## Goal of the exercise
Return each line of the records with nothing changed, pictures excepted.

## Given data
#####
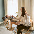 Leander dětská vložka do vysoké židle je dánský design vysoké kvality a byla testována na Technologickém institutu, aby se zajistila maximální bezpečnost. Je lehká ve svém designu a následuje přirozené pohyby vašeho dítěte. Dětská vložka je snadno montovatelná, snadno se skládá a může být uložena například v zásuvce nebo et skříni, když se nepoužívá. Pokud máte na své Leander vysoké židli namontovanou bezpečnostní tyč, nezapomeňte ji odstranit před montáží dětské vložky.
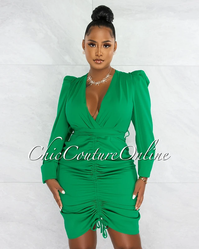 *Randall Kelly Green Front Ruch Tie Belt Midi Dress
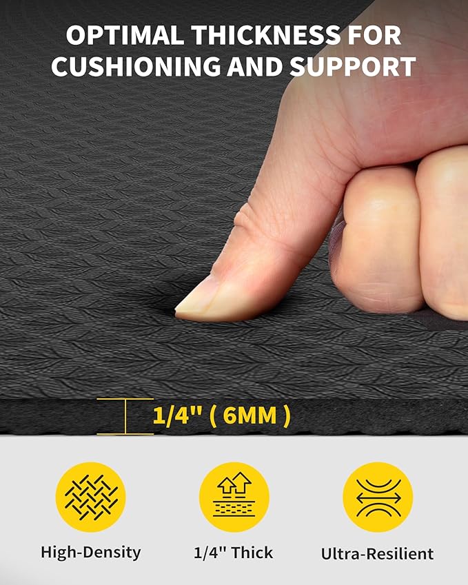 • Fitness Without Restriction: Extra length and width(72"x 48"), You will never feel restricted or limited by the size of this fitness mat; Extra-large space allows you to do any Yoga Poses, Pilates, Stretch, Foam Rolling, Cardio Workouts, Meditations and various barefoot bodyweight training like Squats, Lunges, Push-ups, Plank Variations, and Calisthenics
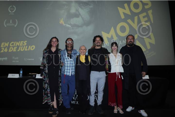 CIUDAD DE MÉXICO, 09JULIO2025. La productora, Male Gil; el actor José Alberto Patiño; la actriz, Luisa Huertas; el director, Pierre Saint-Martin; la actriz, Agustina Quinci; el productor, Víctor Léycegui durante la conferencia de Perea a de la película “No nos moverán”, en la Cineteca Nacional. Producción que tendrá su estreno a nivel nacional el 24 de julio y la cual ha conseguido diversas nominaciones a los premios Ariel 2025. FOTO: EDGAR NEGRETE LIRA/CUARTOSCURO.COM
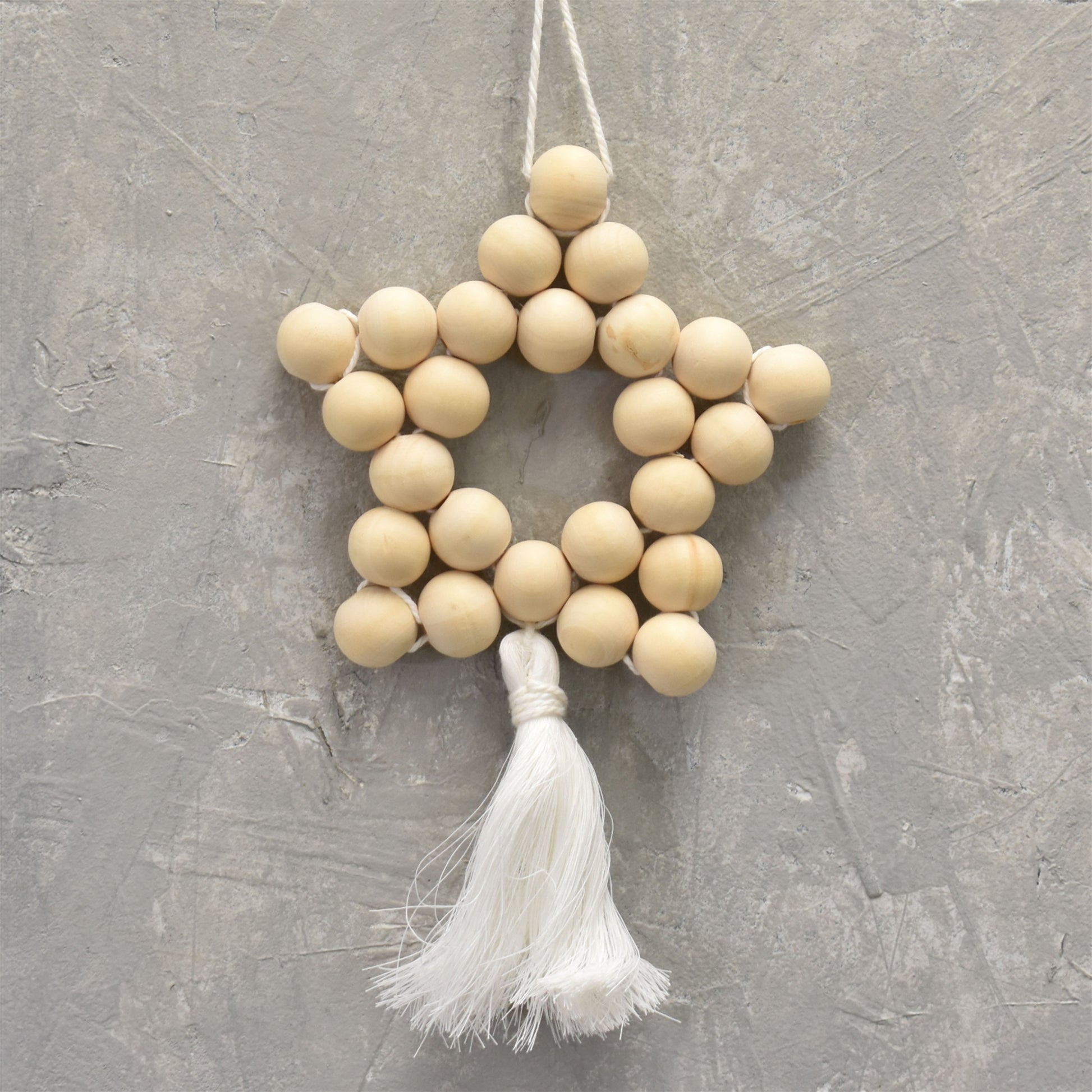 Wooden Bead Star Ornament Tassel 8.5" in Natural | BFC22
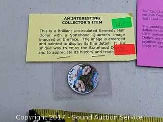 Kennedy half dollar painted in fine detail with the statehood quarters image.
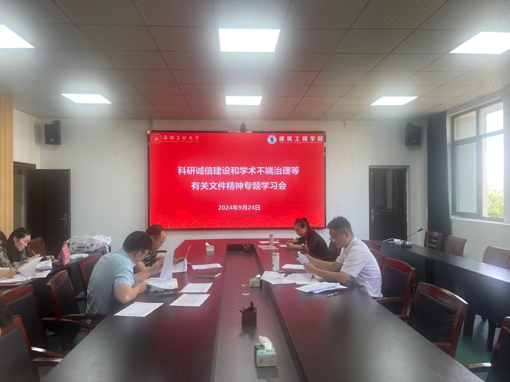 在建工北楼310室组织召开科研诚信和学术不端治理宣传教育专题会议,学院领导班子成员、各系党支部书记参加了会议。
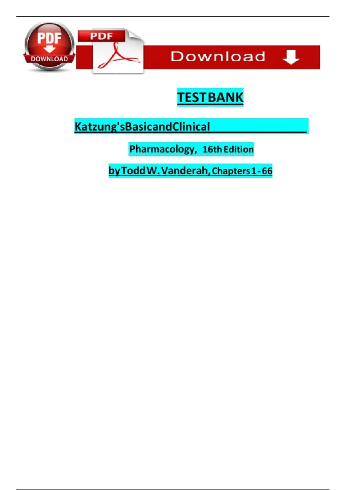 TEST BANK For Katzung's Basic and Clinical Pharmacology, 16th Edition By {Todd W. Vanderah, 2024,} Verified Chapters 1 - 66, Complete Newest Version
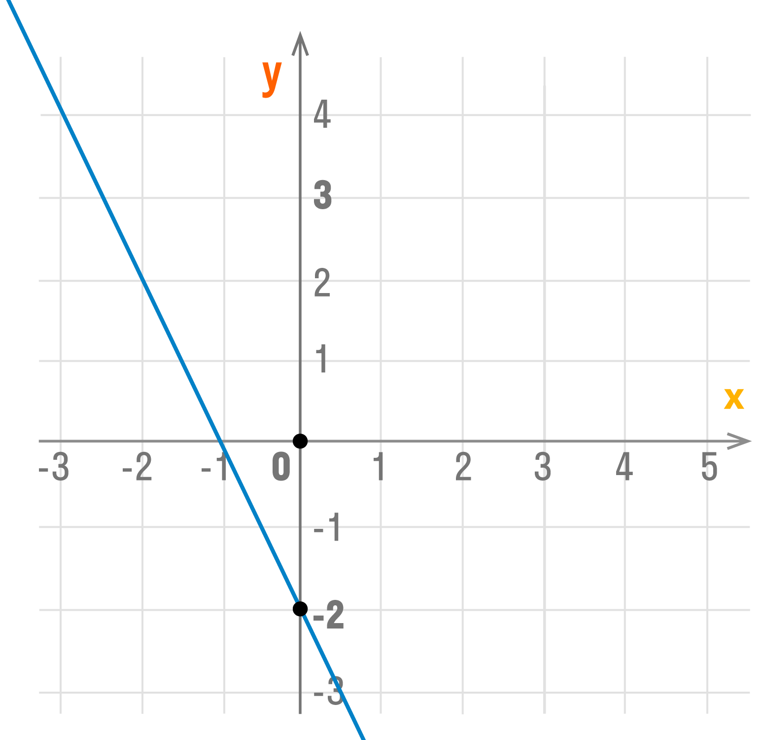 - график функции y = 2x — 2 (b = -2) пересекает ось OY в точке (0; -2).
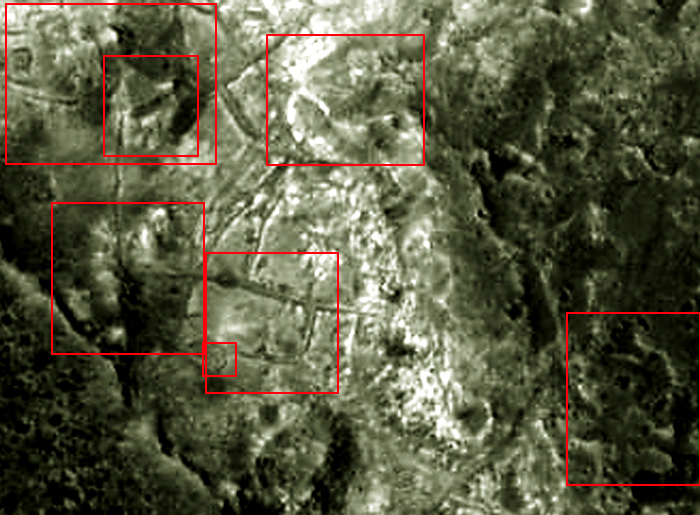 又クレーターの上には文字らしきものが。左上にも何か人工的なものがありそうです。
#####
## Response to the exercise
 Leander dětská vložka do vysoké židle je dánský design vysoké kvality a byla testována na Technologickém institutu, aby se zajistila maximální bezpečnost. Je lehká ve svém designu a následuje přirozené pohyby vašeho dítěte. Dětská vložka je snadno montovatelná, snadno se skládá a může být uložena například v zásuvce nebo et skříni, když se nepoužívá. Pokud máte na své Leander vysoké židli namontovanou bezpečnostní tyč, nezapomeňte ji odstranit před montáží dětské vložky.
 *Randall Kelly Green Front Ruch Tie Belt Midi Dress
 • Fitness Without Restriction: Extra length and width(72"x 48"), You will never feel restricted or limited by the size of this fitness mat; Extra-large space allows you to do any Yoga Poses, Pilates, Stretch, Foam Rolling, Cardio Workouts, Meditations and various barefoot bodyweight training like Squats, Lunges, Push-ups, Plank Variations, and Calisthenics
 CIUDAD DE MÉXICO, 09JULIO2025. La productora, Male Gil; el actor José Alberto Patiño; la actriz, Luisa Huertas; el director, Pierre Saint-Martin; la actriz, Agustina Quinci; el productor, Víctor Léycegui durante la conferencia de Perea a de la película “No nos moverán”, en la Cineteca Nacional. Producción que tendrá su estreno a nivel nacional el 24 de julio y la cual ha conseguido diversas nominaciones a los premios Ariel 2025. FOTO: EDGAR NEGRETE LIRA/CUARTOSCURO.COM
 Wooden Bead Star Ornament Tassel 8.5" in Natural | BFC22
 Kennedy half dollar painted in fine detail with the statehood quarters image.
 在建工北楼310室组织召开科研诚信和学术不端治理宣传教育专题会议,学院领导班子成员、各系党支部书记参加了会议。
 TEST BANK For Katzung's Basic and Clinical Pharmacology, 16th Edition By {Todd W. Vanderah, 2024,} Verified Chapters 1 - 66, Complete Newest Version
 - график функции y = 2x — 2 (b = -2) пересекает ось OY в точке (0; -2).
 又クレーターの上には文字らしきものが。左上にも何か人工的なものがありそうです。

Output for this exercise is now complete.